I’ve always wanted a lot for myself.  I’ve always dreamed big.  I’ve always pictured myself to be a big shot whatever in my chose field of whatever.  See, I am that lost.  I’ve always been jealous of the people who knew what they wanted to be from the very start.  At times, I’d fool myself into thinking that those are boring people – those who planned everything ahead and are sure of what they want to become.  But come to think of it, some of them were lucky to actually finish what they started, some are luckier because along the way, they found out what the true desire of their hearts are.  I am jealous of that.
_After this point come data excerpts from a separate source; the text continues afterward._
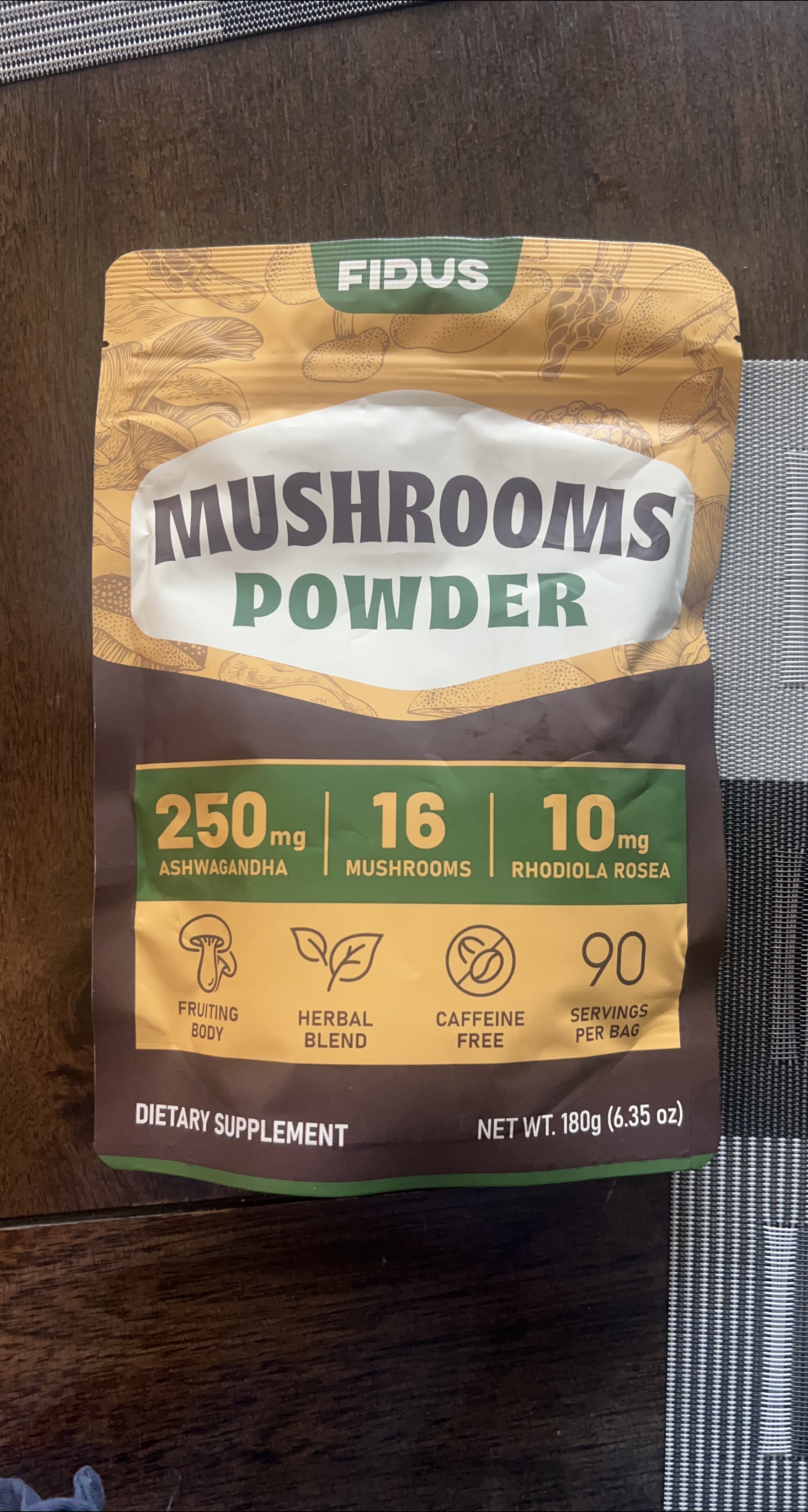 Selling a bag of Fidus Mushrooms Powder dietary supplement! It contains 250mg of Ashwagandha, 16 mushrooms, and 10mg of Rhodiola Rosea. Each bag contains 90 servings and is caffeine free. Net weight is 180g (6.35 oz).
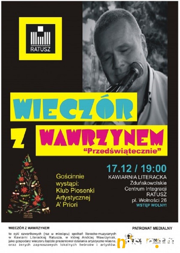 "Przedświątecznie" taki tytuł nosi kolejna, ostatnia już w tym roku, odsłona "Wieczoru z Wawrzynem", który w najbliższy czwartek odbędzie się w zduńskowolskim ratuszu. Wieczory to organizowane raz w miesiącu spotkania literacko-muzyczne, których gospodarzem jest zduńskowolski muzyk Andrzej Wawrzyniak.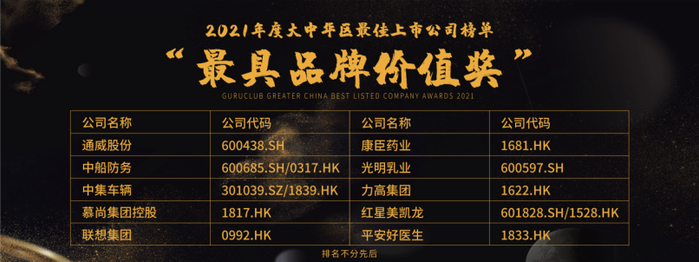通威股份(600438.SH)、中船防务(600685.SH/0317.HK)、中集车辆(301039.SZ/1839.HK)、慕尚集团控股(1817.HK)、联想集团(0992.HK)、康臣药业(1681.HK)、光明乳业(600597.SH)、力高集团(1622.HK)、红星美凯龙(601828.SH/1528.HK)、平安好医生(1833.HK)荣获“最具品牌价值奖”殊荣。

I remember one conversation with a friend back when I was wasting my time doing nothing but bumming and drinking and hanging out.  And I’m not regretting any of those; it was the time of my life that I was so carefree without worrying about anything.  It was the total freedom of life.  Anyway, back to the story, a friend told me that he sees me as a lost soul (and by lost, I think he meant “directionless”).  Back then, I was wary of decisions regarding work and what I really want to achieve in life.  He told me to find my passion because that’s one thing anyone can’t take away.  And I think he was right.

Right now, I still am not sure of what I want to become.  Of whom I want myself to be in the next, I don’t know… 10, 20, 30 years maybe.  And I tell you, if you ask how I see my future, I’d honestly tell you that I HAVE NO IDEA.  I think I’m stuck in what I’ve always perceived myself to be.  And I don’t even know what I want to be for crying out loud.

So now, I’m sure what my mission in my right-now life is, I must find my passion. Maybe I’ve been reading Bedroom Blog too much.  Maybe I can really just relate to Veronica (yes, coincidentally the pseudonym of the writer is Veronica) in terms of what she feels towards life.  Or maybe I’m just jealous, yet again, of how she is in a position where she mixes complication and fun in her life.  I think I need that.  And I’m serious about that.